> [Aim of the task]
Quote the entries word for word. Omit the pictures.

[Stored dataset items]
*** Begin section ***
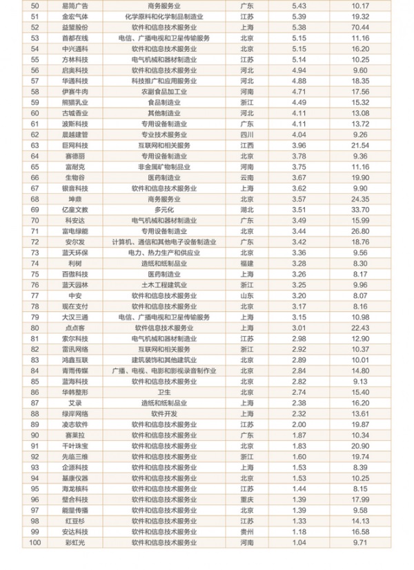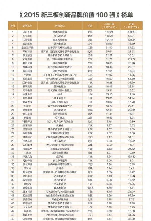 据介绍,“2015新三板品牌价值100强”入选企业是在7000多个新三板挂牌企业中筛选后得出的,分布在44个行业内。它是国内首次对新三板的品牌价值进行排行,也是唯一采用市场期权法修正收益法来计算品牌价值的排行榜,榜单更侧重于企业品牌价值的未来发展潜力,这也恰好符合新三板企业的特性。该榜单对于投资者投资新三板企业提供了新的价值参考。
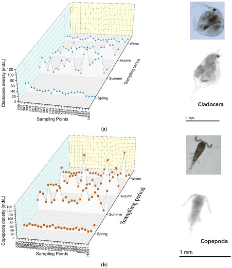 Previous research has focused more on zooplankton as indicators of water quality and for ecological assessment [19]. The formation of clusters between zooplankton and water environmental factors could be of interest in the future for ecological restoration and environmental monitoring. Similar to the results of other related studies [59,72], the nutrient levels in the study area were lower in spring than in summer and autumn, and levels of the water environment factors PCY and Chl-a, which measure biological indicators, were low in spring, suggesting that the primary producers, picocyanobacteria, as well as other algae, were less abundant in the water column. Tur, also a measure of suspended matter in the water column [65], was lower in spring than in other seasons, suggesting that the low levels of suspended particulate matter and organic detritus, in the water column limited the food sources of Copepoda and Cladocera, thus making differences in zooplankton abundance on a spatial scale less pronounced in spring.
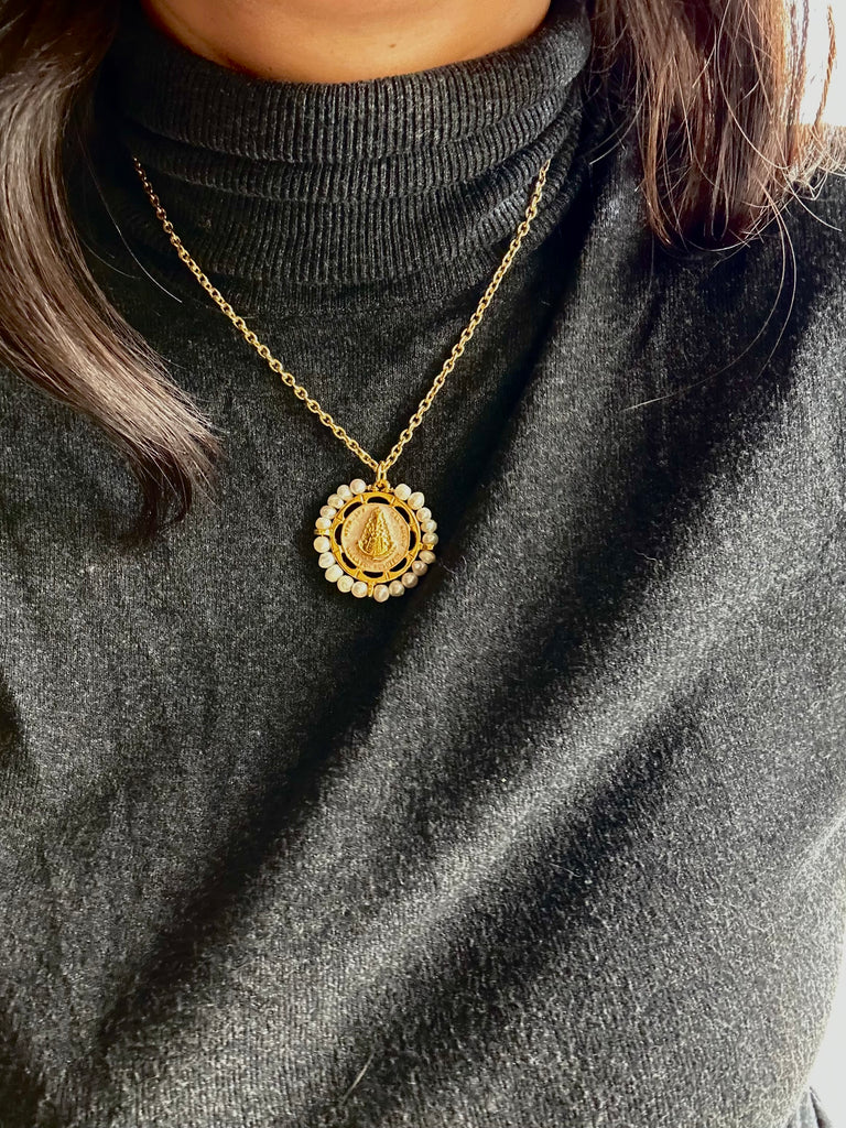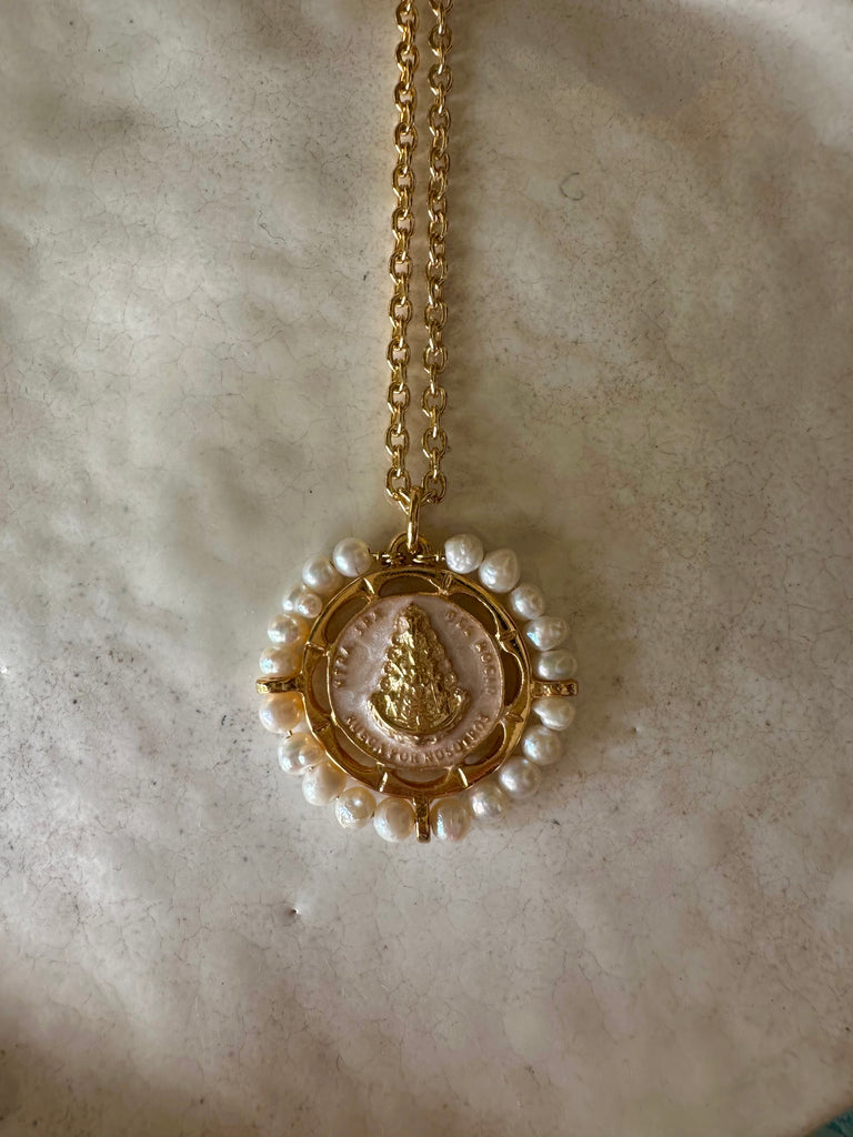Medallas hechas a mano de Nuestra Señora del Rocío.
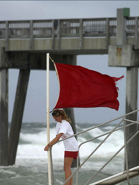 8月17日,美國佛羅里達州彭薩科拉,女海灘警衛(wèi)隊員正在海邊安置警示旗。
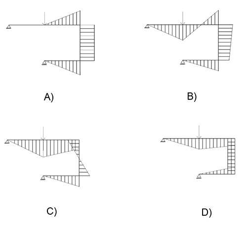 Yukarıdaki sistem ve yüklemeye karşı gelen “eğilme momenti” diyagramı aşağıdakilerden hangisidir?
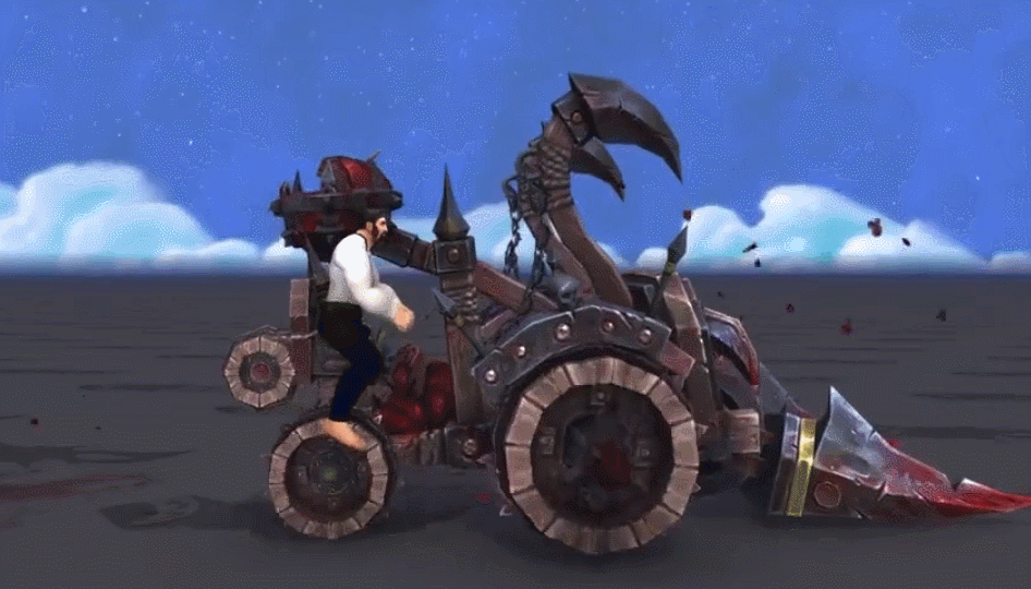 当按下空格键的时候绞肉车会跳起来,还能看到有肉被甩出来,效果非常的逼真。国服上线以后,红色的肉变成黑色,感觉就好像是这个绞肉车漏油了,甩出来的是石油。
*** End section ***
> [Response for this exercise]
 据介绍,“2015新三板品牌价值100强”入选企业是在7000多个新三板挂牌企业中筛选后得出的,分布在44个行业内。它是国内首次对新三板的品牌价值进行排行,也是唯一采用市场期权法修正收益法来计算品牌价值的排行榜,榜单更侧重于企业品牌价值的未来发展潜力,这也恰好符合新三板企业的特性。该榜单对于投资者投资新三板企业提供了新的价值参考。
 Previous research has focused more on zooplankton as indicators of water quality and for ecological assessment [19]. The formation of clusters between zooplankton and water environmental factors could be of interest in the future for ecological restoration and environmental monitoring. Similar to the results of other related studies [59,72], the nutrient levels in the study area were lower in spring than in summer and autumn, and levels of the water environment factors PCY and Chl-a, which measure biological indicators, were low in spring, suggesting that the primary producers, picocyanobacteria, as well as other algae, were less abundant in the water column. Tur, also a measure of suspended matter in the water column [65], was lower in spring than in other seasons, suggesting that the low levels of suspended particulate matter and organic detritus, in the water column limited the food sources of Copepoda and Cladocera, thus making differences in zooplankton abundance on a spatial scale less pronounced in spring.
Medallas hechas a mano de Nuestra Señora del Rocío.
 8月17日,美國佛羅里達州彭薩科拉,女海灘警衛(wèi)隊員正在海邊安置警示旗。
 Yukarıdaki sistem ve yüklemeye karşı gelen “eğilme momenti” diyagramı aşağıdakilerden hangisidir?
 当按下空格键的时候绞肉车会跳起来,还能看到有肉被甩出来,效果非常的逼真。国服上线以后,红色的肉变成黑色,感觉就好像是这个绞肉车漏油了,甩出来的是石油。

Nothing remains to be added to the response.